© Bloomberg

Here we go again. After Saturday’s announcement that England will go into a new lockdown from Thursday onwards, this Monday morning companies are starting to spell out what that will mean for them.

Associated British Foods, which owns Primark, said that 57 per cent of the cheap fashion chain’s stores will be shut as of Thursday (assuming parliament approves the UK government’s shutdown plans). Almost 20 per cent are shut already because of closures in France, Ireland and Catalonia, among other regions. It will lose around £375m in sales and £37m in ebitda during the announced periods of closure; during the first lockdowns it lost around £650m a month in sales foregone.

Insurer Hiscox estimates it could have another $30m to $40m potential exposure linked to event cancellation if restrictions on travel and big group gatherings extend into next year. Previously it estimated its exposure for Covid claims at $387m net of reinsurance, including claims for business interruption insurance.

And bookie GVC, which owns Ladbrokes Coral, reckons lockdowns (as announced) will hit ebitda by £37m as betting shops are forced to shut.
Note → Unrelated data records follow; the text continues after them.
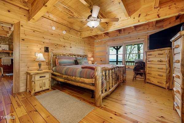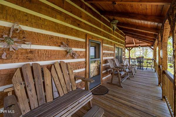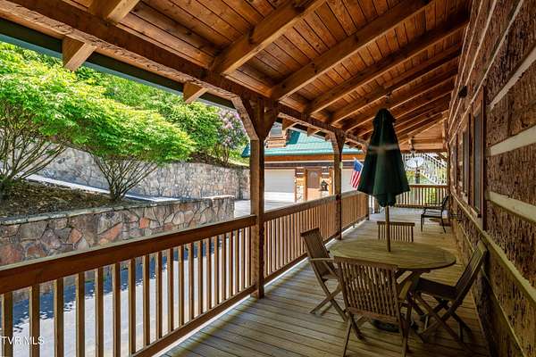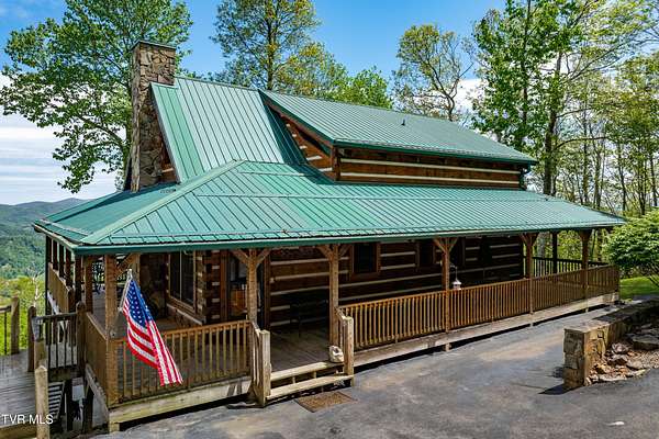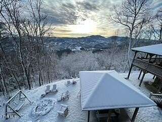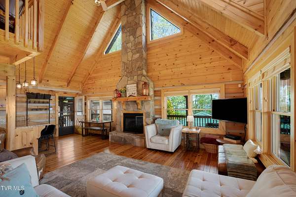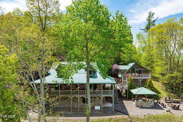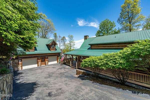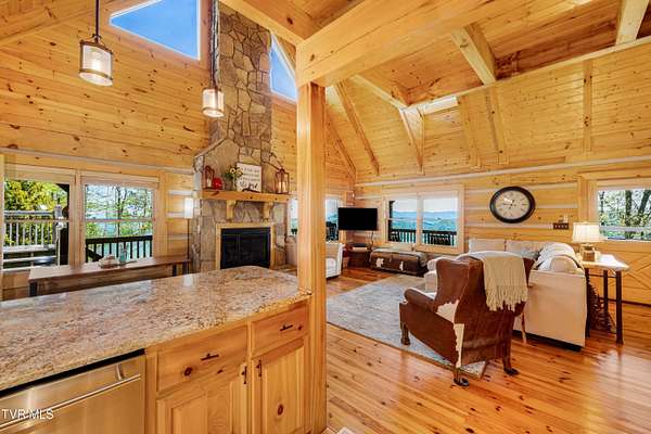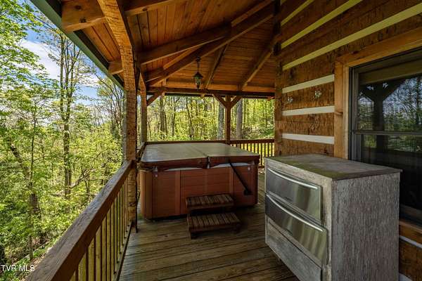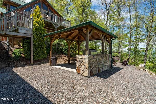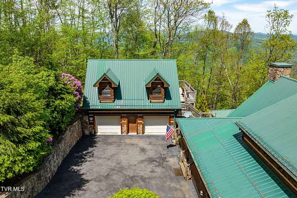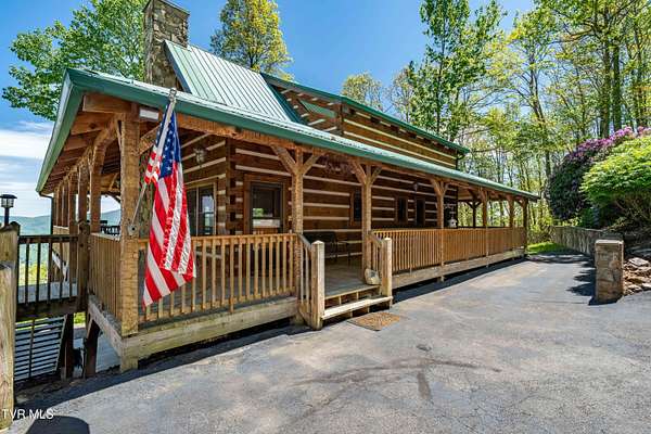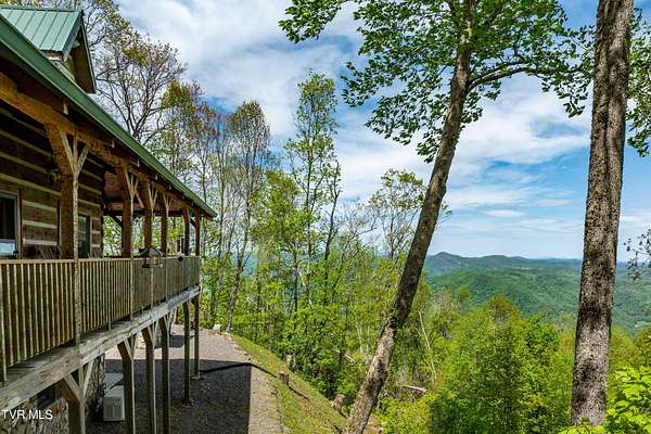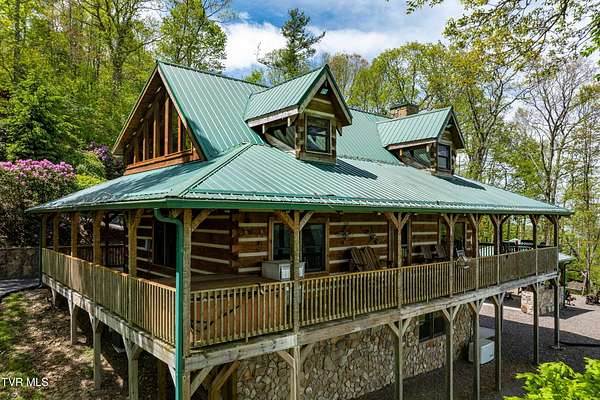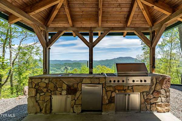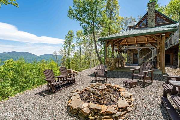 Resting at an elevation of 4,233 feet, this stunning custom hand-hewn log home offers panoramic views of the mountains of North Carolina, Tennessee, and Virginia. The generous great room features a dramatic floor-to-ceiling stone fireplace with gas logs, flowing seamlessly into a chef's kitchen equipped with Jenn Air stainless steel appliances, granite countertops, and custom cabinetry. The main-level primary suite boasts double vanities and serene mountain views. Upstairs, a versatile loft space-perfect for a home office-complements a large, light-filled bedroom and a full bath. The lower level is an entertainer's dream, featuring a custom granite-topped bar, a second gas fireplace, a handcrafted pool table, and an intimate wine cellar and tasting room with custom cabinetry. A bonus/sleeping room (currently used as a bedroom) and a full bath complete this level. Above the two-car garage is a 780 sq ft guest apartment currently operating as an Airbnb. It includes a king-size bed, cozy sitting area with gas fireplace, kitchenette, and full bath-ideal for guests or rental income. Exceptional outdoor amenities include a 1,490 sq ft covered wrap-around deck, a covered outdoor kitchen with a 52'' Viking gas grill, refrigerator, sink, fire pit, and an 8-person hot tub-all designed to take full advantage of the breathtaking scenery. Practical features include a propane-powered whole-house generator, metal privacy gate, water filtration and softening system, exterior security cameras, and tasteful outdoor lighting. Located near the NC High Country with the benefit of lower taxes and county-maintained roads. Furnishings & an ATV convey with an acceptable offer. Whether you're seeking a primary residence, second home, or income-producing rental, this property delivers unmatched luxury, comfort, and views. Seller's plans have changed. Call today for your private tour. Information sourced from tax & seller's information. Buyer/buyer's agents encouraged to verify.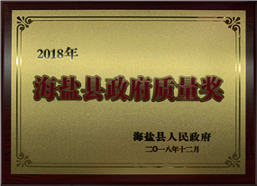 獲(huò)選嘉興市“四新”經濟示範(fàn)企業、榮獲(huò)海鹽縣政府質量獎;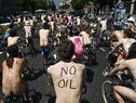 Splitternackt sind am Samstag hunderte Menschen durch das Zentrum von Madrid geradelt, um für mehr Sicherheit für Radfahrer im Straßenverkehr zu demonstrieren.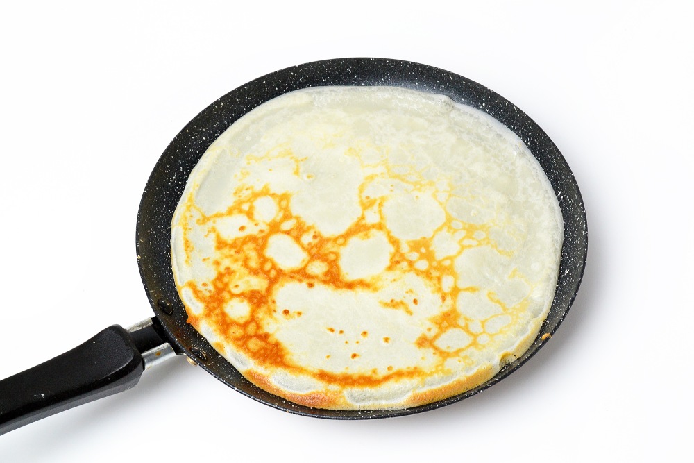 - Не спешите переворачивать блинчики, они должны подрумяниться снизу. Ориентируйтесь на цвет краев, хотя бы с 1 стороны они должны начать подрумяниваться.
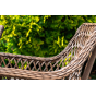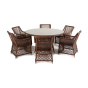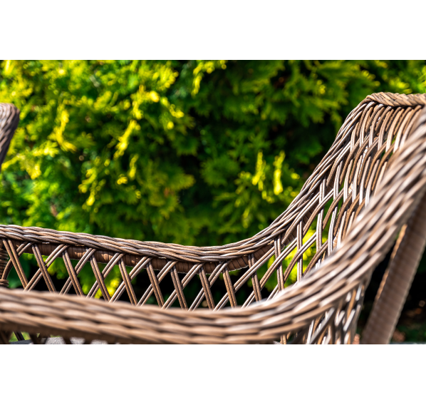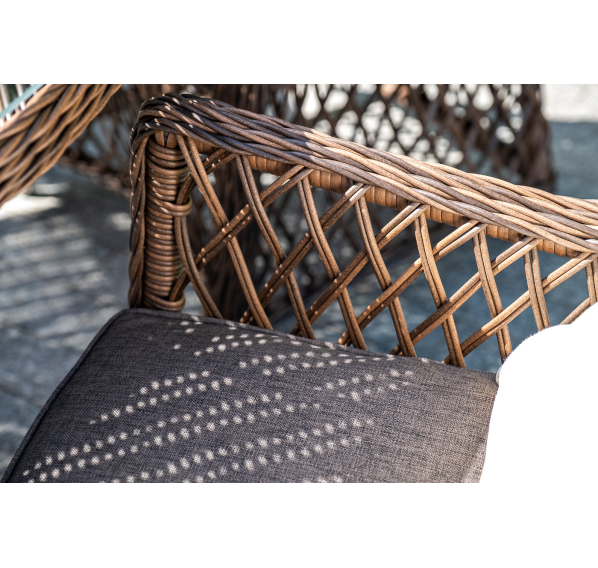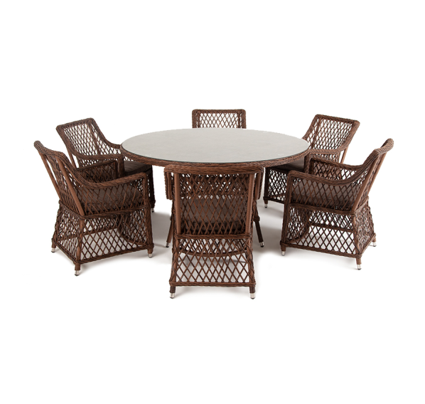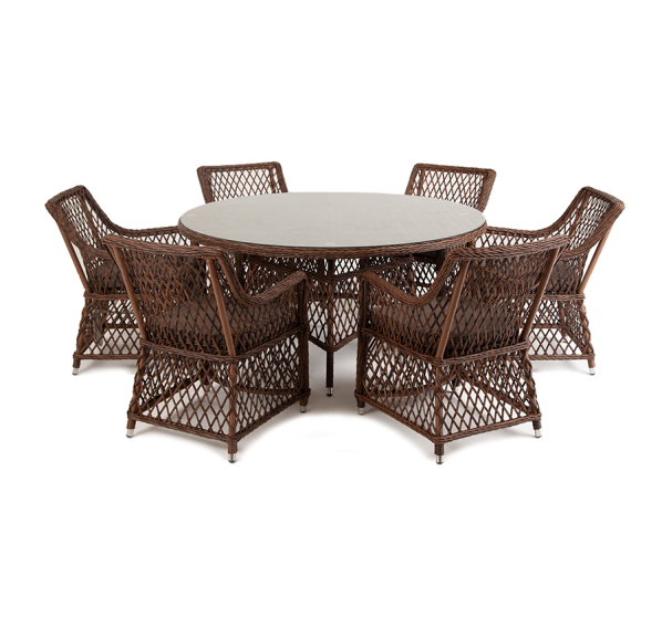 Вся мебель изготовлена из долговечного и легкого алюминия, обтянутого синтетическим ротангом. На столе для удобства эксплуатации предусмотрена столешница из ударопрочного закаленного стекла 5 мм. Стулья укомплектованы подушками на сидениях.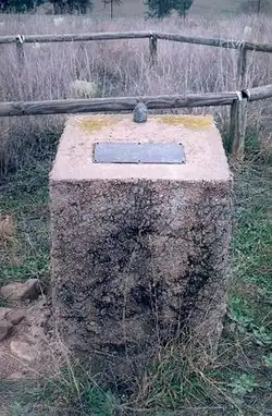 Windradyne was a warrior and a leader of the Wiradjuri near Bathurst. He established the friendly relations with William Suttor, whose father George crossed the Blue Mountains in 1822 and took up land that he named "Brucedale". During the frontier wars Windradyne's family was massacred and he declared war on the settlers. William Suttor learnt the local Wiradjuri dialect, and speaking with Windradyne he was able to defuse the situation at Brucedale homestead. The two men remained friends, and when Windradyne died he was buried on Brucedale. The grave was marked by Bathurst Historical Society in 1955, and continues to be revered by local Wiradjuri, who have recently planted trees around the grave in a traditional diamond pattern.[2][1]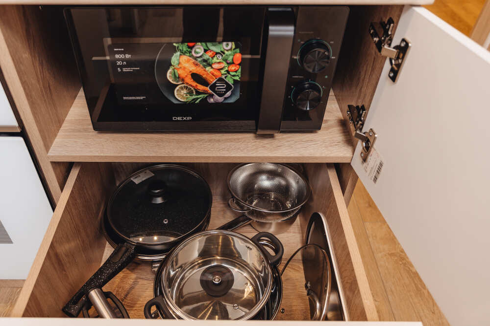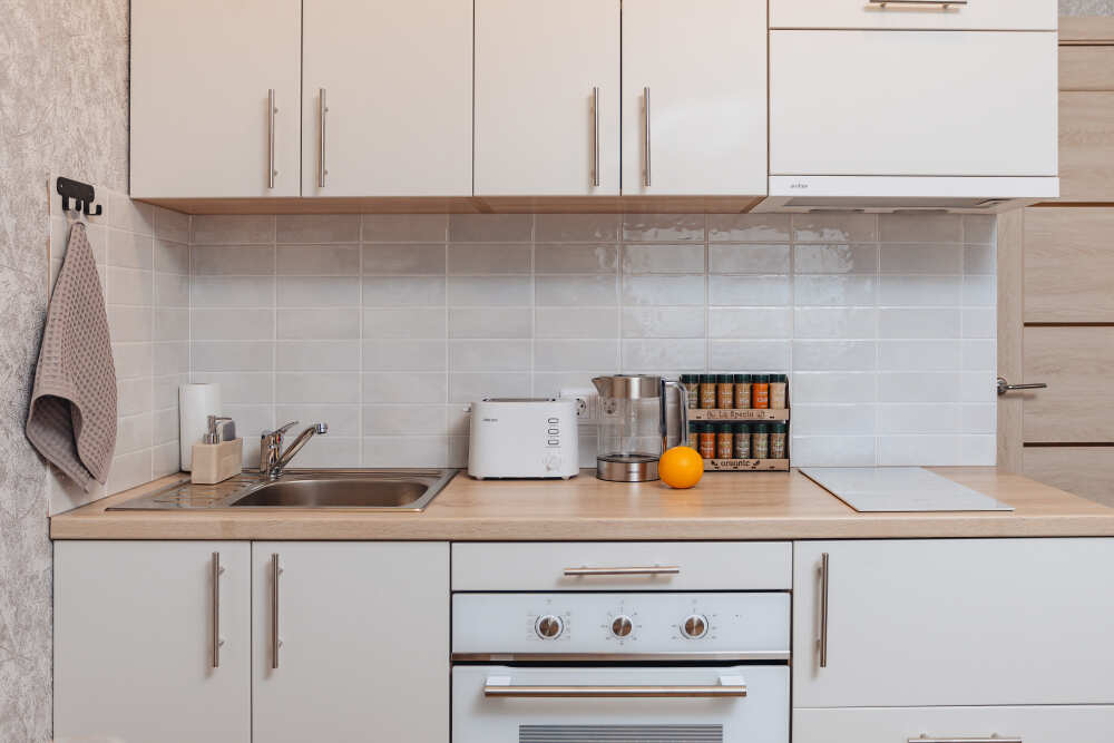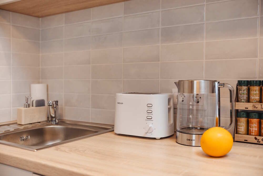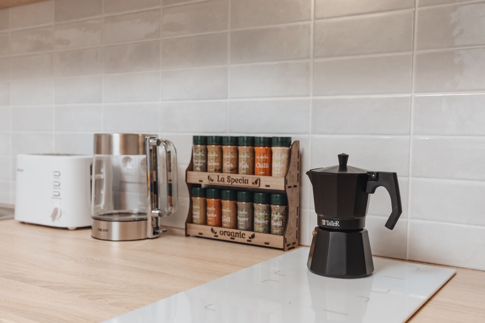 - Холодильник, варочная поверхность, тостер, микроволновка, чайник и гейзерная кофеварка.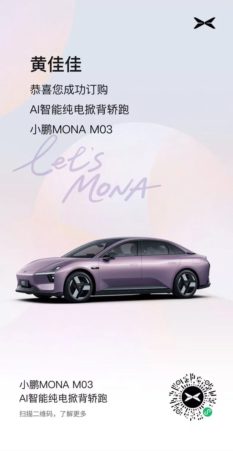 【颜色配置】选了小紫!紫外紫内!奶fufu的,简约又高级【下单理由】被性价比狠狠拿捏了!自动泊车完全抵消了我的停车焦虑,这个价位能买到这样的配置,真的闭眼冲!【对比车型】对比了同价位比亚迪海鸥,最终还是选了小鹏,智能配置、外观、辅助驾驶上小鹏都更符合我的需求!【需求场景】日常20公里上下班通勤,偶尔周末带家人周边游开始期待提车的日子🥳#小鹏MONA M03#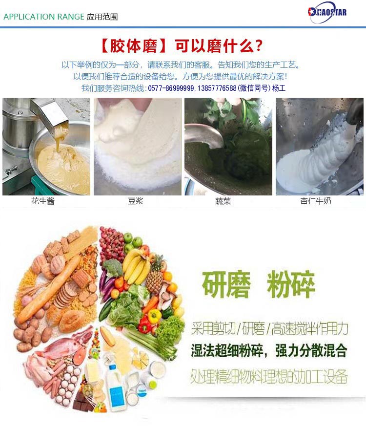 可代替并優(yōu)于石磨,砂磨機(jī)、球磨機(jī)、乳勻機(jī)、乳化機(jī)、三輥機(jī)、搗碎機(jī)等工作。亦可按照客戶對(duì)加工物料不同的酸度、堿度、濃稠度等性質(zhì)特殊要求定制生產(chǎn)。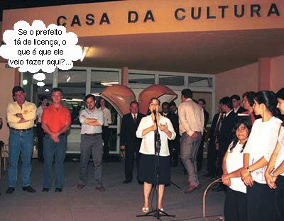 Com a presença de integrantes do movimento artístico-cultural e lideranças empresariais e comunitárias, além de populares, aconteceu anteontem à noite a inauguração das reformas da Casa da Cultura. A obra custou R$ 75 mil, com o dinheiro vindo a fundo perdido da Sanepar. O deputado Marcos Isfer, que disponibilizou a verba, estava presente e discursou. Com adesivo da campanha do “23” no peito e tudo. Desta vez não teve buquê de flores, mas o coral cantou em homenagem ao prefeito licenciado Tauillo Tezelli e ao prefeito em exercício Getulinho Ferrari. Virou moda: a prefeitura convida o público para ver a “alta cúpula” homenagear eles mesmos. Ah, nada que uma boa dose de “semancol” não resolva...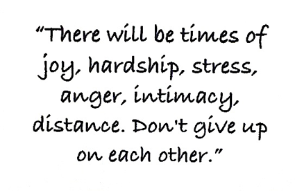 Carolyn Ernst Woomer, happily married to Mark Woomer for 30 years, states "people need to realize that you may go through 'seasons' in a relationship - times of joy, hardship, stress, anger, intimacy, distance. Don't give up on each other. The difficult season will pass, with work, and you can enter a new, better season. Mark and I have been through the highest highs ... and the lowest lows ... but never gave up on 'us.' I feel there are two deal breakers: abuse of any sort or infidelity."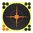 - 8" Crosshair – Rundt mål med fluorescerende oransje "crosshair"-mønster, viser kulehull som sprut av lys fluorescerende oransje ved treff.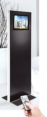 Mit seiner fortschrittlichen Ausstattung vereint dieses System die standortflexible Werbewirksamkeit herkömmlicher Displays mit den Vorzügen aus dem Multimediabereich: bewegte Bilder und Sound. Für die audiovisuelle Präsentation kommt INFO STAND Media in elegantem Schwarz daher - der Standfuß ist Schwarz pulverbeschichtet, die schwarzen Alu-Verbundplatten mit integriertem schwarzen LCD-Bildschirm werden von edlem Silber (eloxiertes Aluminium) eingerahmt. Optional sind Prospekthalter und Displaybars erhältlich.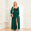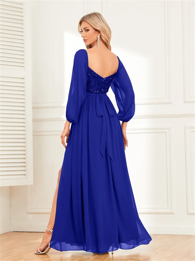 Fleepmart Women Strapless Dark Green Long Sleeved Evening Dresses Sequin Chiffon Free Wear Square Neck Party Gown Elegant Formal Dress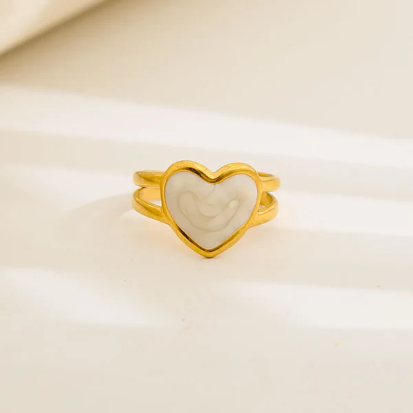 Αναδείξτε το στυλ σας με αυτό το εκλεπτυσμένο δαχτυλίδι από Gold Plated Steel 18K, σχεδιασμένο με διακριτική λευκή καρδιά που συμβολίζει την αγάπη και την κομψότητα.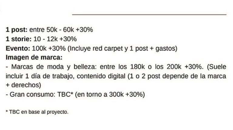 Uma publicação no feed do seu Instagram custa 50 a 60 mil euros, mas um storie já fica entre 10 a 12 mil. Já a sua presença num evento custa 100 mil euros (inclui passadeira vermelha e uma publicação).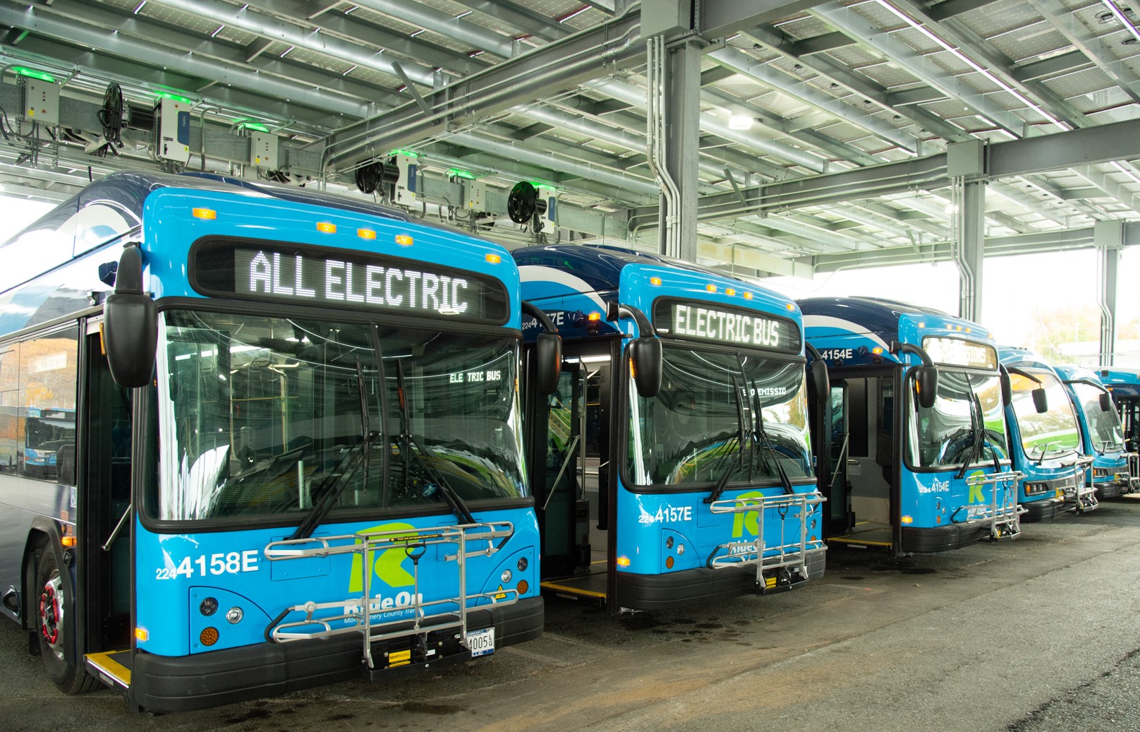 The County is developing green charging infrastructure to support these buses. In October 2022, the County unveiled its first solar-powered microgrid for bus charging at the Brookville Bus Depot in Silver Spring. The facility is able to charge up to 70 buses with solar power. At the time of its unveiling, Brookville was the nation’s largest solar charging facility for public transportation.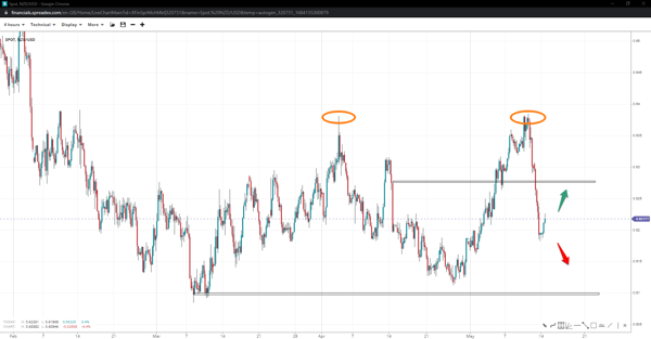 Kiwi formed a double top at 0.6380 and reversed under 0.62 temporarily. Further demand for shorts might provoke a move toward 0.61 but requires the break of 0.6182 first. A respite to 0.63 might be seen if bulls can reclaim 0.6275.

If all retail outlets are required to be closed for a whole month, that would knock £43m off ebitda, GVC estimated.

Unsurprisingly business leaders are calling for more government support — but Boris Johnson is set to skip the CBI annual conference on Monday, a rare non-appearance by a sitting prime minister. Business secretary Alok Sharma is due to attend the employers event in his stead.

Briefly

Ryanair published its half-year results, showing a pre-tax loss of €432m. The summer season is usually Ryanair’s most profitable period; in the first half of last year the low cost carrier reported a €1.26bn profit. The figures were weighed down by a €214m charge for ineffective hedges; excluding exceptional items, the airline reported a €197m loss. Losses are set to increase in the second half of the year. But the airline made no further cuts to its winter schedule: boss Michael O’Leary said it was already running only a skeleton service for November and December.

Ocado meanwhile has upgraded its ebitda guidance to more than £60m from more than £40m with just under a month of its fiscal year to go. The online grocery delivery group said demand had remained high. It has also announced acquisitions totalling $287m this Monday morning of two companies linked to robot picking tech (ie robotic arms) for use in its warehouses.

Finally there is a half-year trading update from online estate agent Purplebricks. It expects to report adjusted ebitda “comfortably ahead” of consensus for the full year (though the consensus estimate is only £3.5m) after the recent rebound in the property market; but boss Vic Darvey warned it was too early to extrapolate trends from the first half out to the rest of the year as lockdown starts again.

Beyond the Square Mile 

© Wang Zhao/AFP/Getty

Huawei is working on plans for a dedicated chip plant in Shanghai that would not use American technology. Two people briefed on the project said the plant would be run by a partner, Shanghai IC R&D Center, a chip research company backed by the Shanghai Municipal government. Industry experts said the project could help Huawei, which has no experience in fabricating chips, chart a path to long-term survival. Meanwhile, private equity firm Stonepeak Infrastructure Partners is buying Astound Broadband, a network of US regional cable operators, in an $8.1bn deal.

The New York Stock Exchange is on track to steal back the crown for US stock market listings from its rival Nasdaq after tapping into the booming market for blank cheque companies. Companies have raised $66bn through listings on NYSE this year compared with $61bn on Nasdaq, with nearly two-thirds of the proceeds raised on NYSE coming from special purpose acquisition companies or Spacs.

America’s third-quarter earnings season is proving less downbeat than Wall Street analysts had forecast, with companies broadly reporting a shallower rate of decline in profits and sales than had been expected. The total profits per share reported by companies listed on the blue-chip S&P 500 index have come in nearly a fifth higher than analysts predicted just several weeks ago, according to FactSet data, with 63 per cent of the companies on the index disclosing their figures so far.

Essential comment before you go

© Transversospinales/Dreamstime

Jemima Kelly There comes a time in life when you realise that some of the friends you used to consider good friends aren’t actually your true friends. These are your party friends. And so it is with fintechs. They grew up in the party years but have failed to prove themselves during this crisis.

Pilita Clark The US election is yet another sign of the exhausting example being set for the rest of us by older people, writes a quinquagenarian.